On connaissait déjà le nom de Christian Araud comme contributeur de la revue Entropia (dans les n° 4 & 7). Le voici signant deux ouvrages. Le premier est un témoignage de sa vie professionnelle, des événements vécus qui ont eu pour effet de le mener progressivement à l’idée de la décroissance. Sur ce plan-là, son parcours de consultant international en matière de développement est loin d’être exemplaire! Mais notre homme, aujourd’hui à la retraite, en est bien conscient. Si l’on est grincheux, on pourra toujours y voir les confessions d’un repenti. Mais que celui qui a trouvé la voie du premier coup lui jette la première pierre. Les problématiques de l’eau, de l’agriculture intensive, de l’habitat, du transport, etc., ont été rencontrées à l’occasion de ses multiples voyages en Malaisie, Corée, Roumanie, Inde, au Mexique, Pérou, Niger, Sénégal, entre autres. Sa brève rencontre avec Ivan Illich lui ouvrit les yeux sur un autre pan de la réalité du monde. L’écriture est vivante, non dénuée d’autodérision et remplie d’anecdotes signifiantes. On aura compris que la lecture est plutôt légère – dans le sens positif du terme – et s‘éloigne des pensums théoriques sur la décroissance (par ailleurs parfaitement utiles et indispensables).

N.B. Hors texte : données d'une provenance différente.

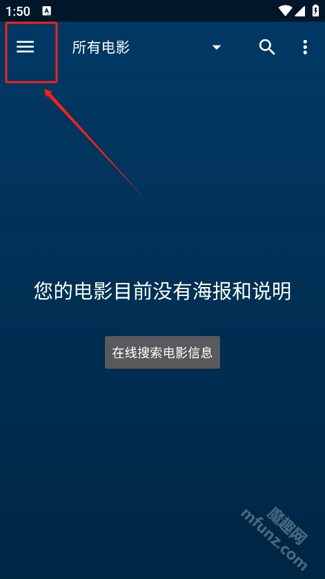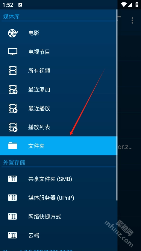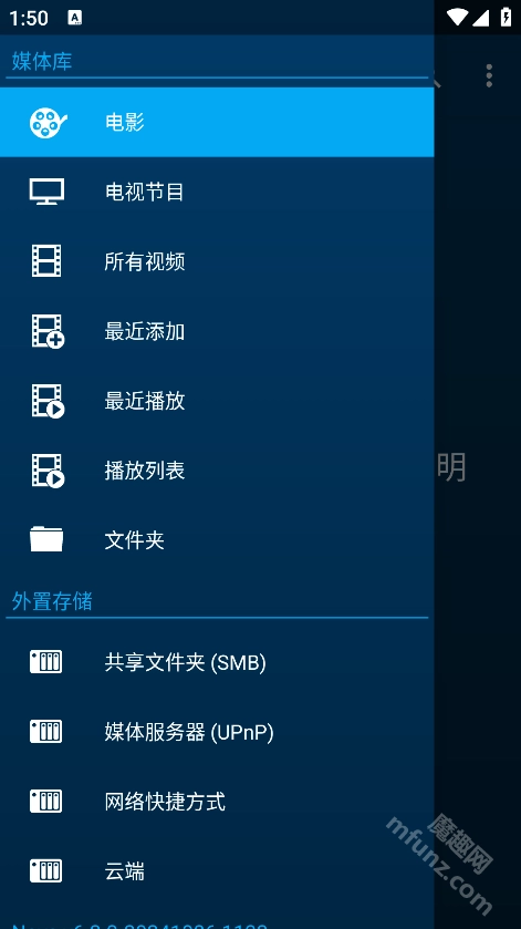 进入首页后,点击左上角的“三横线”图标,在弹出的菜单中可以选择电影、电视、最新添加、云端等多种功能选项。
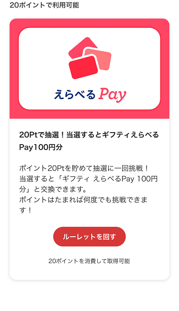 スワイプすると、ポイントが必要なキャンペーンの完歩証の引換や応募の案内、それと、えらべるPayのルーレット画面になります。
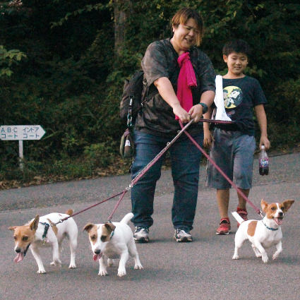 ▲ジャック・ラッセル・テリア犬のキナコちゃん、モナカちゃん、ワラビちゃん
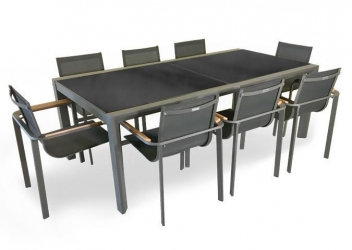 EN INVENTAIRE !!! Longue table à dîner extérieure en aluminium durable. Ceux-ci sont des modèles de plancher avec légers défauts du manufacturier en promotion spéciale. Permet d'accommoder 8 personnes en utilisant des chaises de modèle Diagonal ( chaises vendues séparément ). Fabriquée d'aluminium durable recouvert de fini en poudre-cuite qui ne rouillera pas et une surface de table en verre trempé. Une installation sur-place est requise pour ce produit avec prix relatif à la distance. Voir détails dans nos 4 magasins Palason.
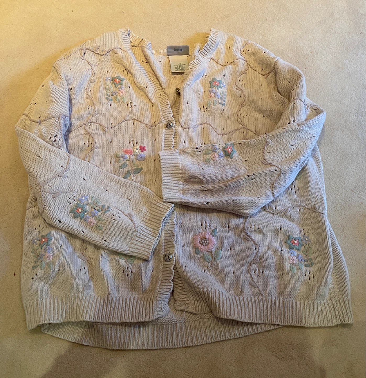 A few loose threads around the sleeve edges and a couple pulled embroidery threads. Overall nice condition and cozy!
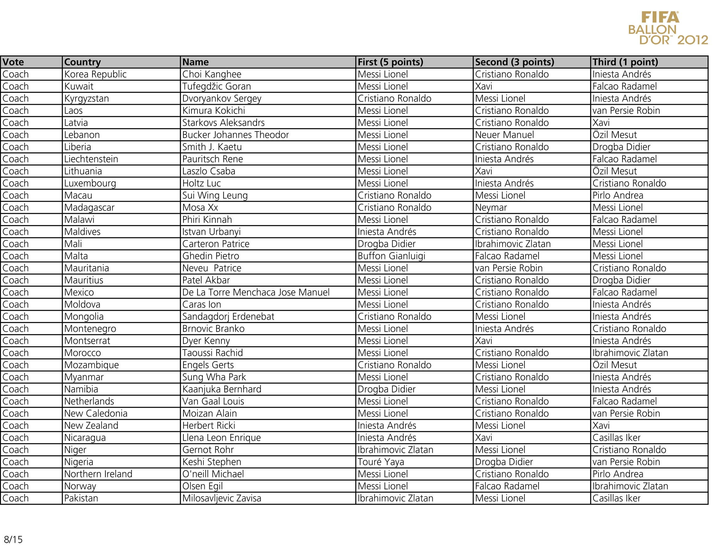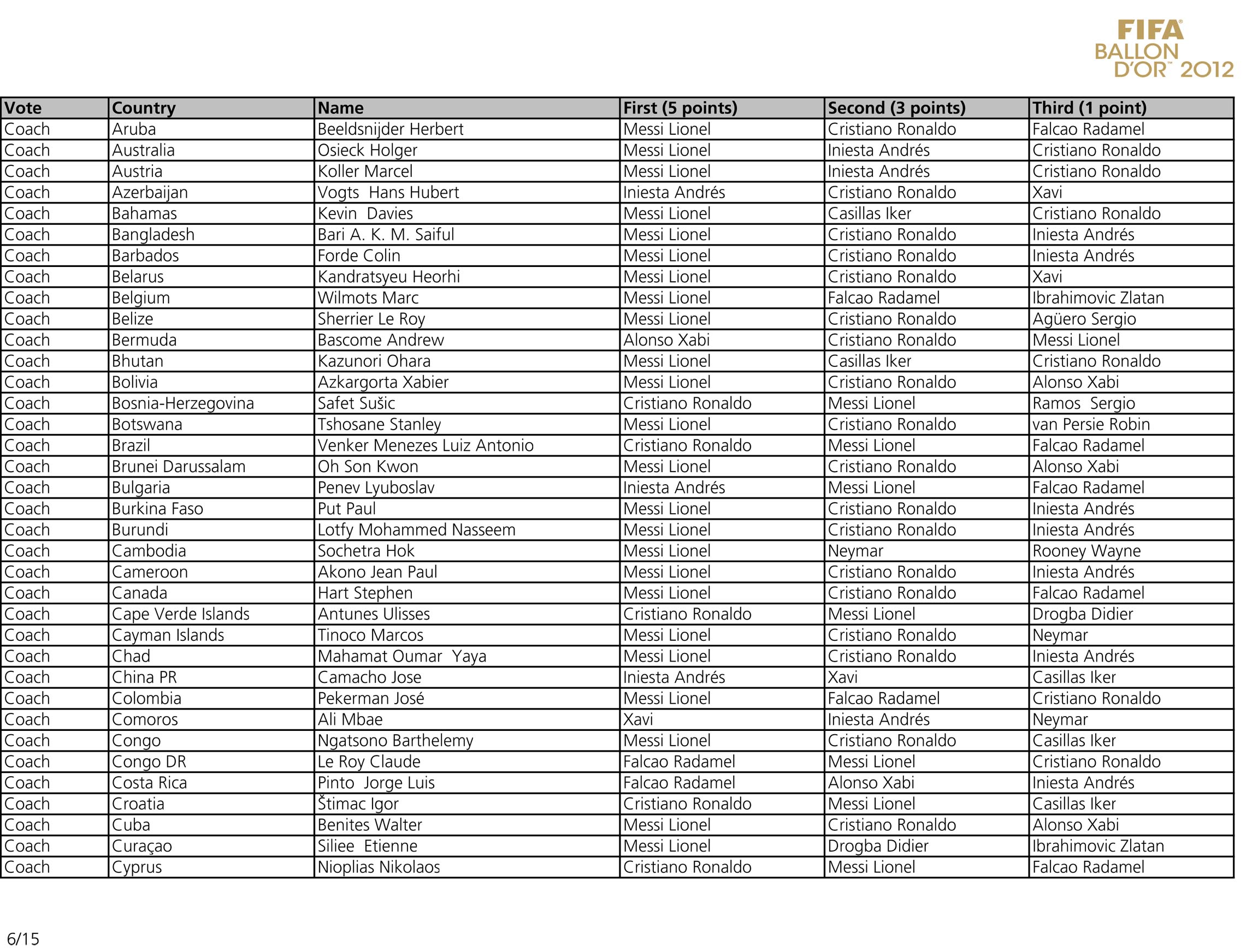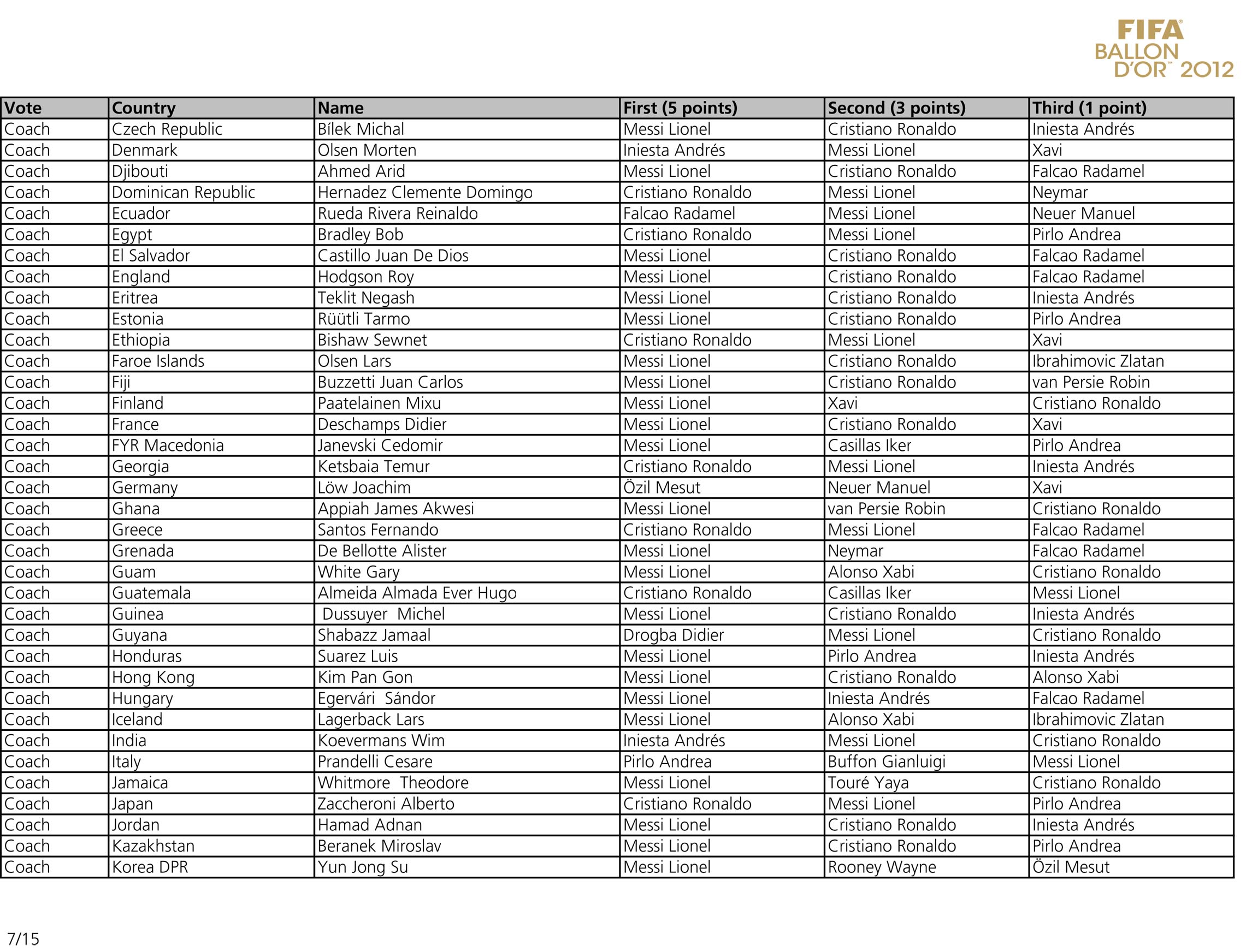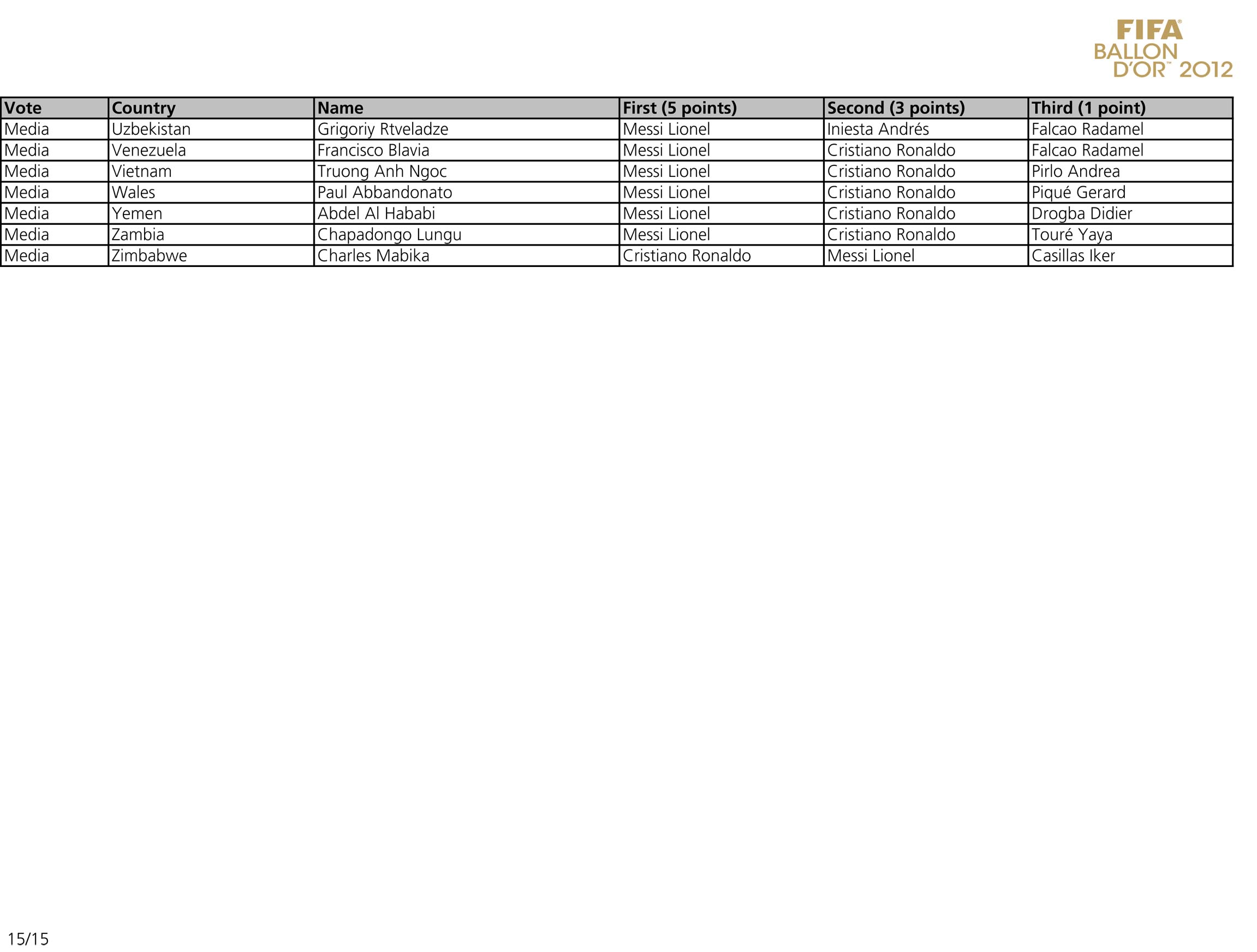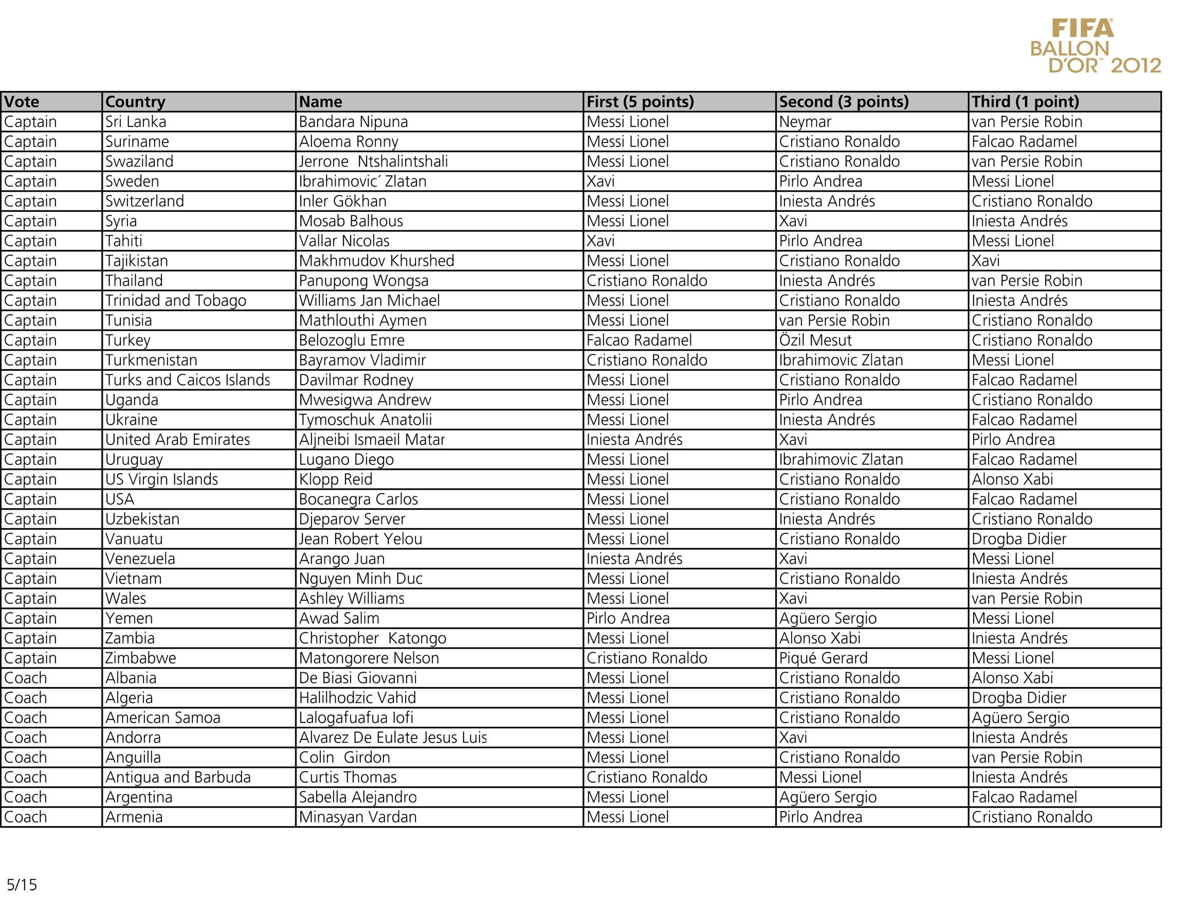 Результаты голосования за титул обладателя "Золотого Мяча - 2012" (ФОТО)

Changement de ton avec Préludes à la transition. Christian Araud livre ici un ouvrage très structuré, documenté et argumenté en faveur d’une transition indispensable, qu’il relie à et réconcilie avec – là est une des originalités du livre – la décroissance. Evoquant Hans Jonas et David Holmgren, l’auteur dresse, en toute lucidité, un état des lieux
catastrophique et détaille quatre probables scénarios du futur, « techno brune » (baisse lente du pétrole, changement climatique rapide), « techno verte » (baisse lente du pétrole, changement climatique lent), «intendants de la Terre» (baisse rapide du pétrole, changement climatique lent) et «canots de sauvetage» (baisse rapide du pétrole, changement climatique rapide). Parmi les initiatives de sorties par le haut, la permaculture et l’agroécologie représentent à ses yeux une sorte de parangon. Le chapitre 5 offre des pistes d’action, individuelles (simplicité volontaire, habitat économe et autonome) et collectives (écoquartiers, écolieux, arche de Noé), nomme les entraves à l’action politique, mais aussi ses conditions, compare les modes de vie résilients à la ville et à la campagne, etc. Pour terminer, Araud décrit quelques expériences concrètes, avec leurs avantages et inconvénients: le Mas de Beaulieu en Ardèche, Les Amanins de l’association « Terre et humanisme » de Pierre Rabhi, le Trièves dans le Vercors, jusqu’à Cuba et, bien sûr, Totnes au Royaume-Uni, où le mouvement de la transition est né. Entre pessimisme et optimisme, l’auteur trace les contours d’un futurible. On pourrait aussi résumer sa position par la formule « rien n’est acquis, rien n’est perdu». ARAUD Christian, LATOUCHE Serge (préface), La décroissance ou le chaos. Parcours d’un consultant international, éd. Le pédalo ivre, 2012, 200 pages.
ARAUD Christian, Préludes à la transition. Pourquoi changer le monde ?, éd. Sang de la Terre, 2012, 240 pages.